One of the favorite parts of Pardeep Sharma’s job is talking to his old customers – especially since they’re adults now, and they’re bringing their children into his restaurant.

“They come here to see me, and remind me what they did when they were little and they came here with their parents,” says Sharma, the co-owner of the India Palace, a Preston Hollow mainstay at LBJ and Preston Road since 1985. “Now, they are in college or have children of their own. They remind me about all of the mischief they did, like getting under the tables when their parents were eating. And then they’re trying to prevent their children from doing the same thing.”

India Palace has been a gathering place for lunch and dinner almost from the day it opened, a mix of Anglos and Asians, neighborhood people and business diners (at one table, several men were speaking French), and families, young and old.

“That was always my plan,” says Pardeep, whose partner Sada Sharma runs the kitchen, which specializes in northern Indian cuisine. “I wanted a mixed crowd, and I wanted families, and especially families from the neighborhood.”

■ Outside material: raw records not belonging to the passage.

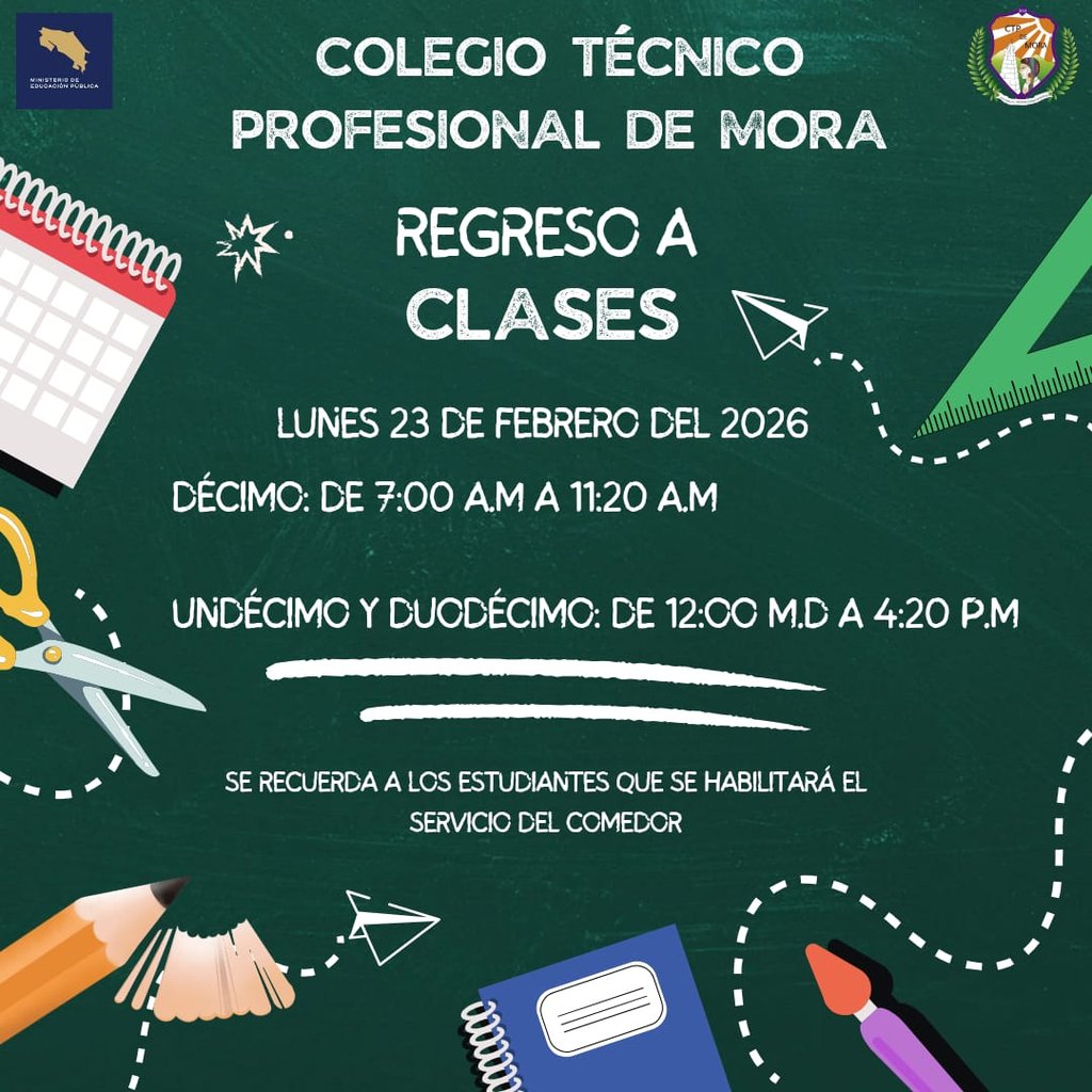 El Colegio Técnico Profesional de Mora nace de la necesidad y deseo de un sector del cantón de Mora por brindarle a los jóvenes de la localidad y circunvecinos una opción diferente de estudio que les permita no desplazarse a lugares como San José, Puriscal, Lindora en busca de horizontes educativos nuevos, innovadores, diferentes y de excelencia.
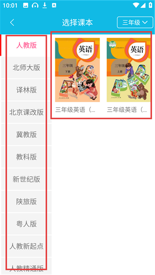 3、在课本选择页选教材版本,比如【人教版】,再选对应年级的课本,就能选定听写内容啦。
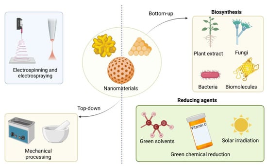 The top-down and bottom-up green synthesis methods of nanomaterials. (the graphical illustration has been created with BioRender software (https://www.biorender.com/about)—BioRender Company, Toronto, ON, Canada).
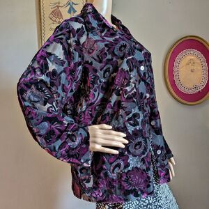 NWT Liz Claiborne Blouse Floral Velvet Burnout Whimsigoth Plus Size 1XP
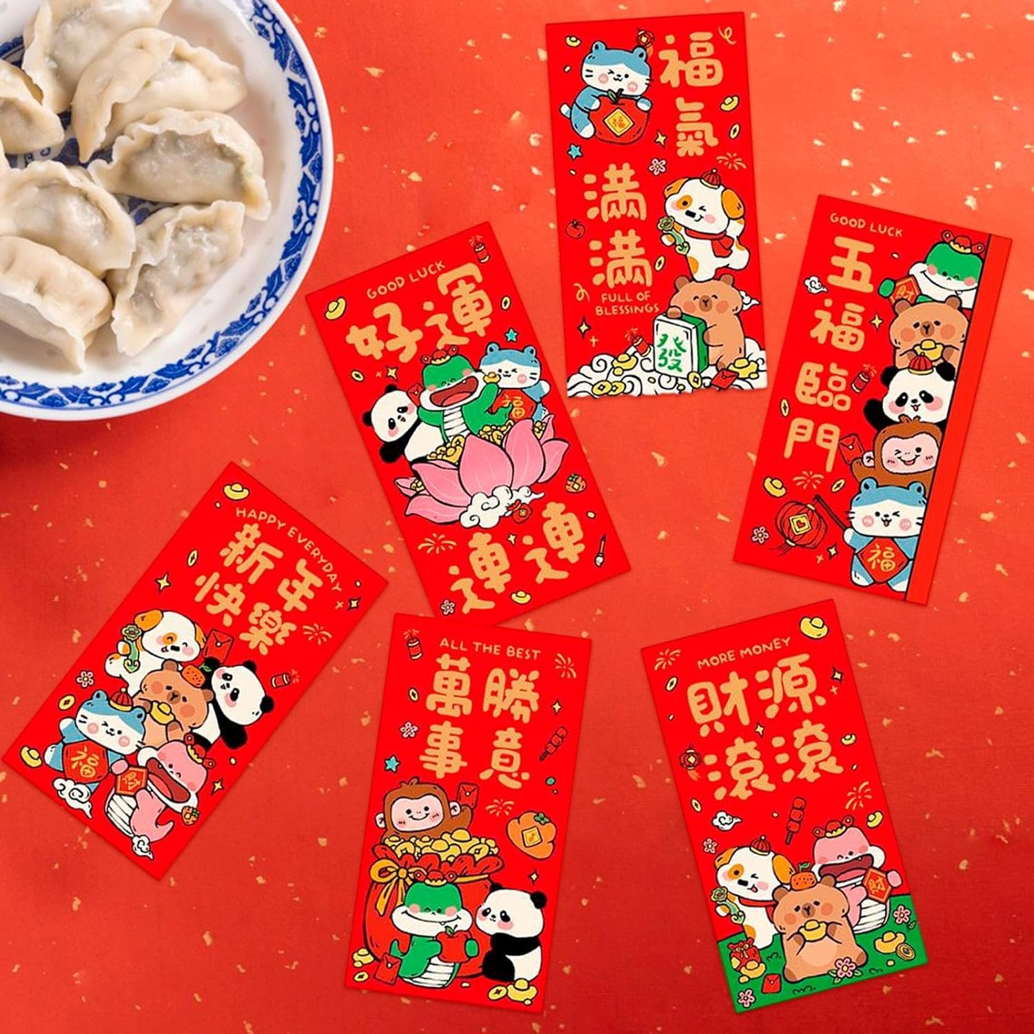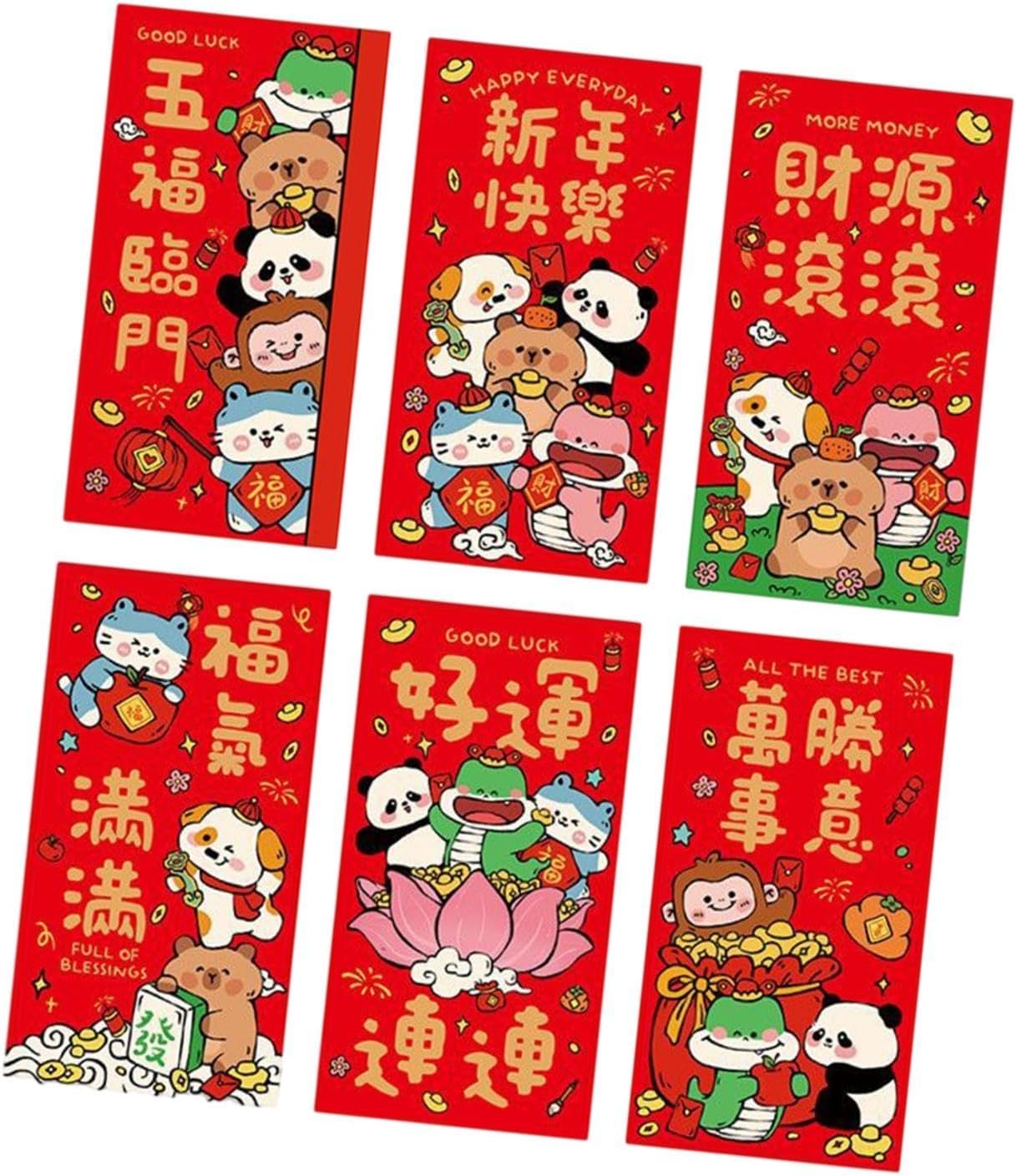 【Design unico disegnato a mano】: queste buste rosse presentano un tipo disegnato a mano con adorabili illustrazioni di animali dei cartoni animati. Ogni busta è decorata con auguri festivi, creando un'atmosfera giocosa e celebrativa ideale per il capodanno 【Set di confezioni convenienti】: Ogni set include 6 buste dal design unico, che offrono sia varietà che valore per i soldi. Ciò li rende ideali per acquisti all'ingrosso per soddisfare le tue esigenze di buste rosse durante le festività di Capodanno 【Uso versatile】: progettate come opzione universale, queste tasche rosse sono adatte a varie occasioni di Capodanno. Che si tratti di regali per i membri più giovani della famiglia o di scambi con gli amici, scelta ideale per tutte le tue esigenze festive 【Capacità di grandi dimensioni】: Misurando 17 cm x 9 cm, questi Hong Bao di Capodanno di grandi dimensioni possono facilmente contenere più denaro, soddisfacendo diverse quantità di denaro fortunato che desideri donare durante le celebrazioni 【Colori vivaci】: dominate da un rosso intenso, che simboleggia gioia e buona fortuna nella cultura cinese, queste buste di Capodanno sono ulteriormente impreziosite da testo dorato ed elementi decorativi. Questa sorprendente combinazione di colori assicura che si distinguano tra le altre buste rosse

That was part of Sharma’s plan when he arrived in Dallas from New York in the early 1980s to run an Indian restaurant for a friend. It was part of the plan when he opened his first restaurant in 1982, Kebab-N-Kurry in Richardson (which he sold in 1989). It was one reason why he closed the Bombay Cricket Club on lower McKinney a couple of years ago – “not enough family business at dinner,” he says.

And what the families like are the food, which has always been among the best Indian fare in Dallas, and the atmosphere. The walls are dominated by hand paintings by Indian folk artists. Peach pastels, combined with small kerosene lamps at each table, suggest a feeling of warmth. Says Sharma: “Our interior is light, soothing, relaxed. That’s how I like it.”

The menu reflects Sharma’s New Delhi upbringing, featuring tandoori chicken, lamb curry, saag paneer (stir-fried spinach mixed with Indian cheese), and mango lasso, best described as a mango yogurt shake.

The method is to combine fresh ingredients with the subtle spicing that makes each dish stand out.

“Our food is very healthy, and there is no fat,” Sharma says. “You don’t need broth to make food flavorful, you need spices. And we use our own recipes, and all of our food is fresh. Nothing is frozen.”

Is it any wonder the kids keep coming back, and bringing their children?